▶ Material for this task:
____________________

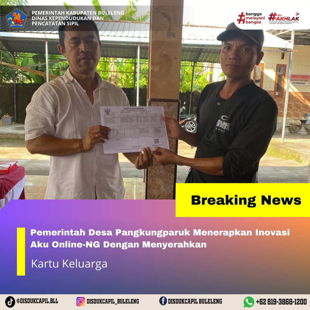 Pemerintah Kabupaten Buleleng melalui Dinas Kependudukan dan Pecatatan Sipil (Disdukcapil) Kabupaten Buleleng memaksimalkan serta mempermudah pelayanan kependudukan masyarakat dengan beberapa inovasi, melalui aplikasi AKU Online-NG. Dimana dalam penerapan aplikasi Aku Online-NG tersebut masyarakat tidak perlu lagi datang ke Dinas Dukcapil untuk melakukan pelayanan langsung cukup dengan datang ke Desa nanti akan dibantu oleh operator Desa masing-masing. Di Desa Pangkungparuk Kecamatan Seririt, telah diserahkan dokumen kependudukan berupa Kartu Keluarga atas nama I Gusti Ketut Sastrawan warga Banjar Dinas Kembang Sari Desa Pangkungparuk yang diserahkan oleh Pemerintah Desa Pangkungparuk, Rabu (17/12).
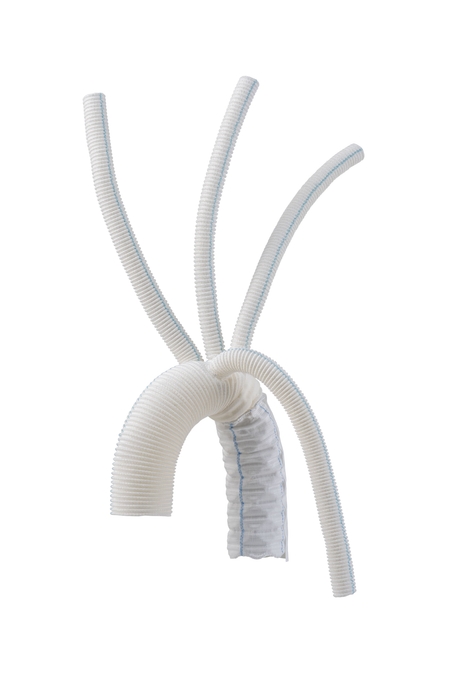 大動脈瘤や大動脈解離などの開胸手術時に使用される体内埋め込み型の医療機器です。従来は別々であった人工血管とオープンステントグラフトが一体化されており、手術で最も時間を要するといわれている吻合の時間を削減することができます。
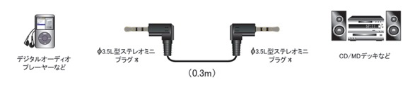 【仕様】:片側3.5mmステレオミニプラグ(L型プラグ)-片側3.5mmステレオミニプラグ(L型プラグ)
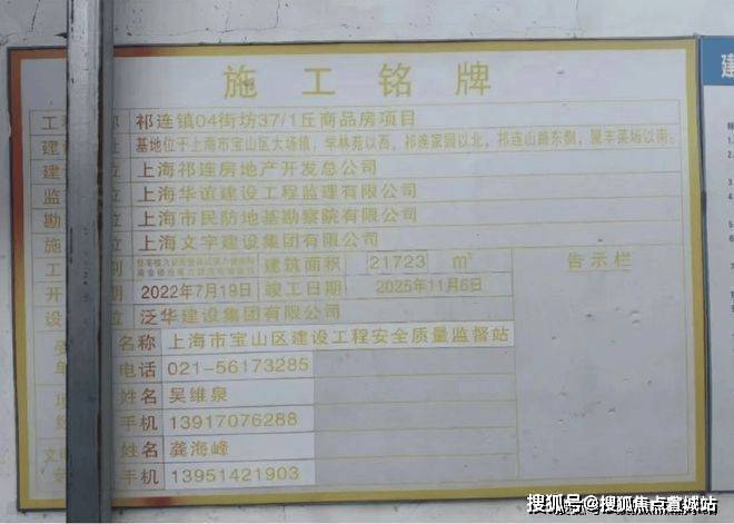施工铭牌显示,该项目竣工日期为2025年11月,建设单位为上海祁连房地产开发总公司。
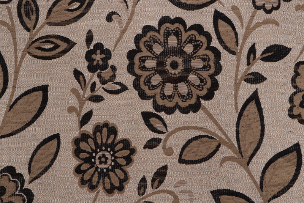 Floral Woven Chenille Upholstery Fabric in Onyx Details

____________________

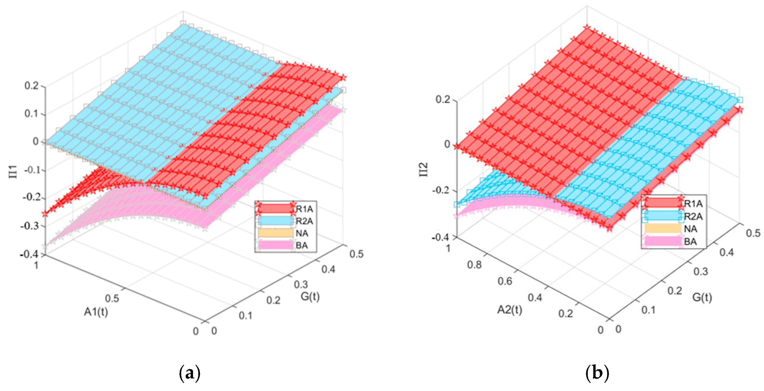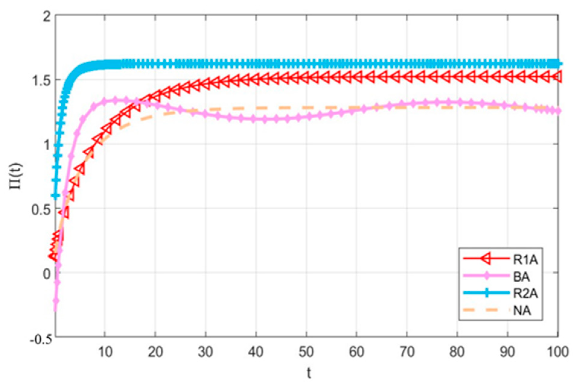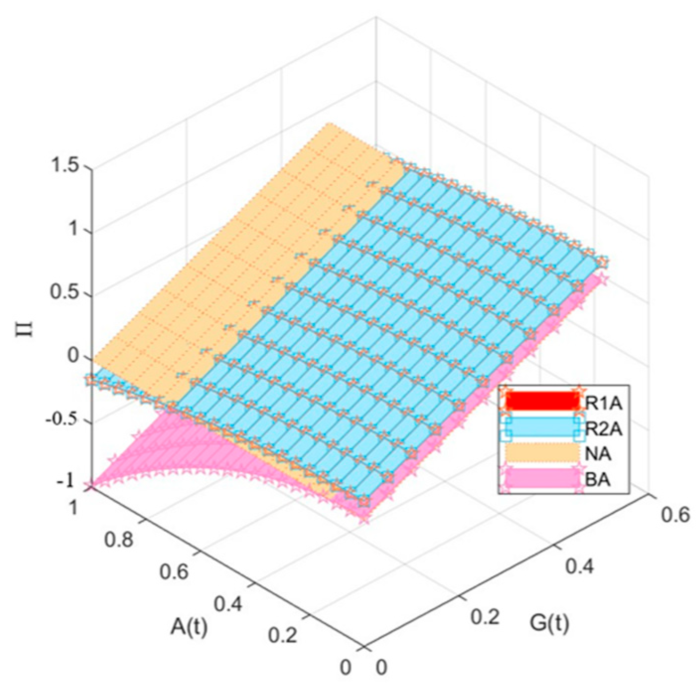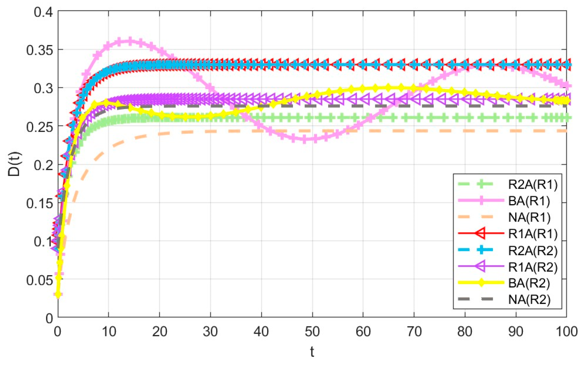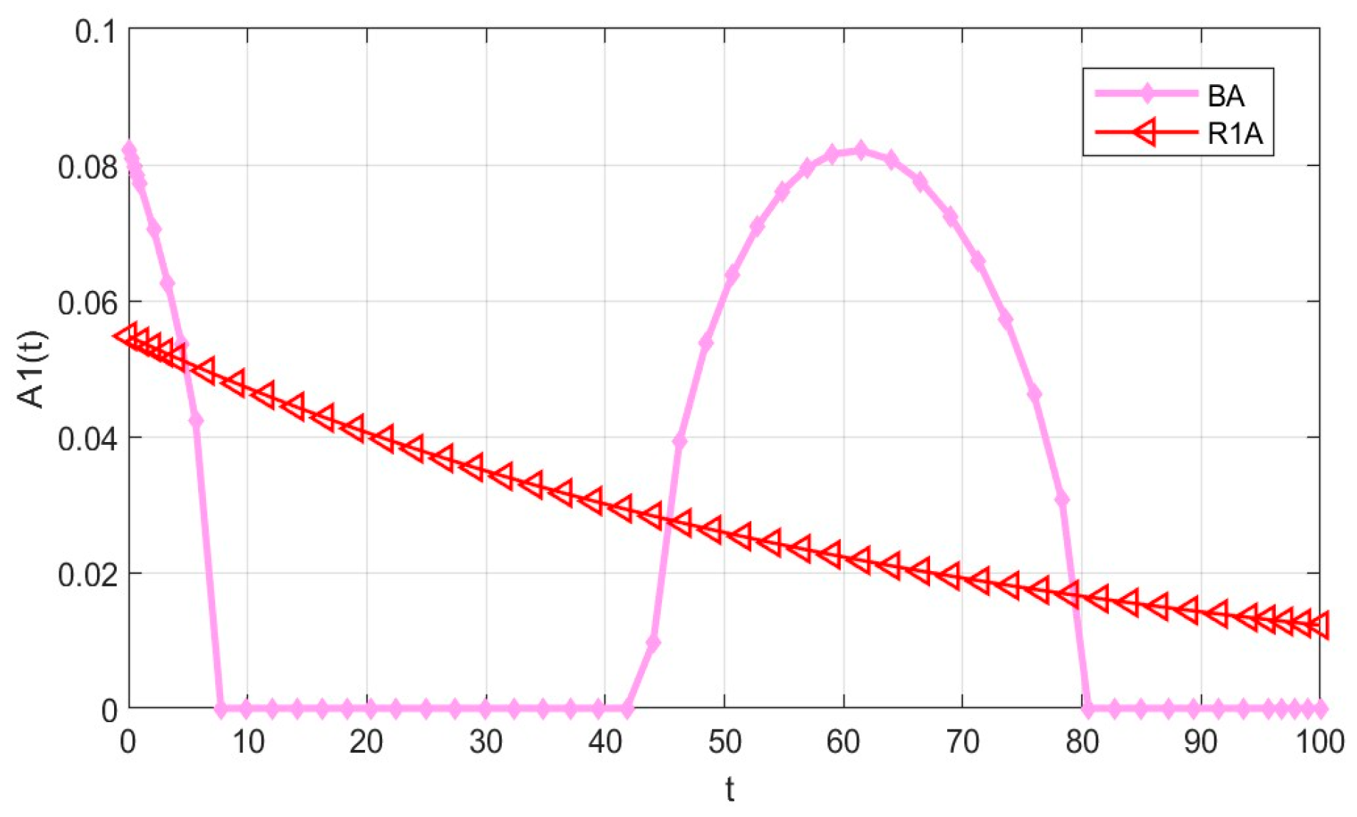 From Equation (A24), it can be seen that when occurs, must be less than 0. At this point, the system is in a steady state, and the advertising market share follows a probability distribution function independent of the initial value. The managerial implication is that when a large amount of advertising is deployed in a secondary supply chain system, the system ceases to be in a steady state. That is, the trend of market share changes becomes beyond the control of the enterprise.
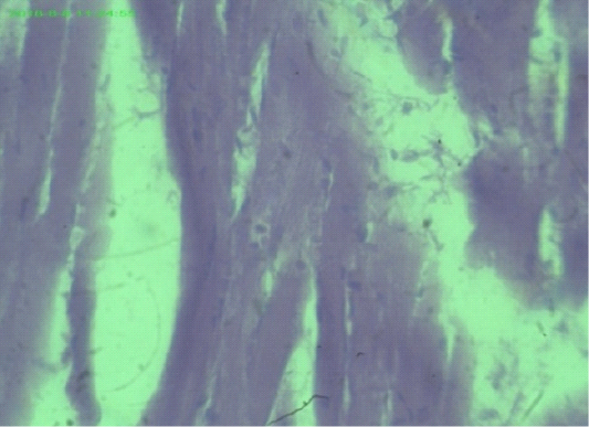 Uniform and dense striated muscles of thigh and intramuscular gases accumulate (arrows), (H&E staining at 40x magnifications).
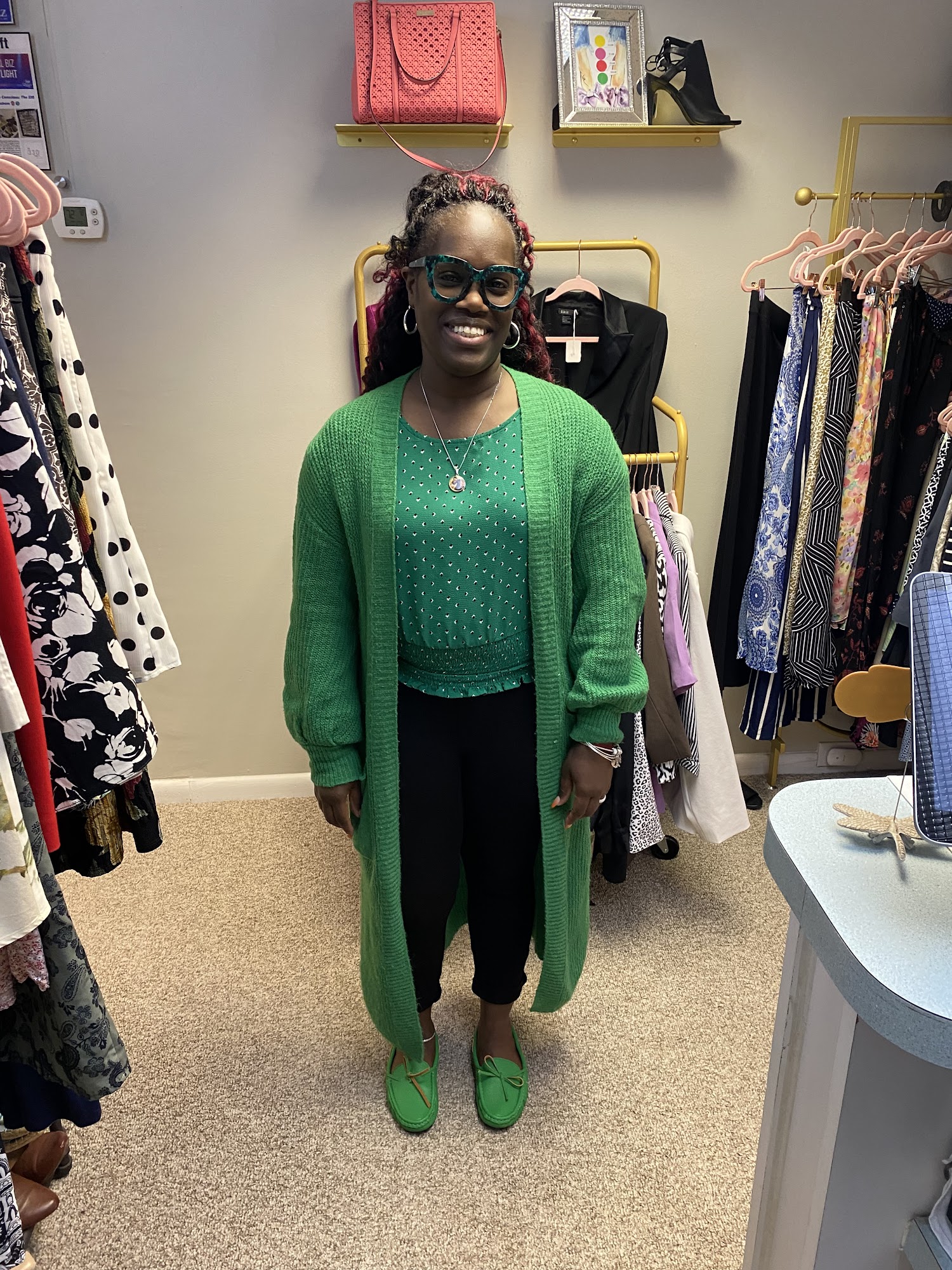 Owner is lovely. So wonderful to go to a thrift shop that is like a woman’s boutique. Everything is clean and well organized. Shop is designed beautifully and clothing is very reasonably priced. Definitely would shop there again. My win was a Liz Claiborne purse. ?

____________________

▶ What needs to be done: Return the lines above from the one with "Pemerintah Kabupaten Buleleng" through the one with "Floral Woven Chenille", verbatim and nothing else. Omit every picture.

▶ Task solution:
 Pemerintah Kabupaten Buleleng melalui Dinas Kependudukan dan Pecatatan Sipil (Disdukcapil) Kabupaten Buleleng memaksimalkan serta mempermudah pelayanan kependudukan masyarakat dengan beberapa inovasi, melalui aplikasi AKU Online-NG. Dimana dalam penerapan aplikasi Aku Online-NG tersebut masyarakat tidak perlu lagi datang ke Dinas Dukcapil untuk melakukan pelayanan langsung cukup dengan datang ke Desa nanti akan dibantu oleh operator Desa masing-masing. Di Desa Pangkungparuk Kecamatan Seririt, telah diserahkan dokumen kependudukan berupa Kartu Keluarga atas nama I Gusti Ketut Sastrawan warga Banjar Dinas Kembang Sari Desa Pangkungparuk yang diserahkan oleh Pemerintah Desa Pangkungparuk, Rabu (17/12).
 大動脈瘤や大動脈解離などの開胸手術時に使用される体内埋め込み型の医療機器です。従来は別々であった人工血管とオープンステントグラフトが一体化されており、手術で最も時間を要するといわれている吻合の時間を削減することができます。
 【仕様】:片側3.5mmステレオミニプラグ(L型プラグ)-片側3.5mmステレオミニプラグ(L型プラグ)
施工铭牌显示,该项目竣工日期为2025年11月,建设单位为上海祁连房地产开发总公司。
 Floral Woven Chenille Upholstery Fabric in Onyx Details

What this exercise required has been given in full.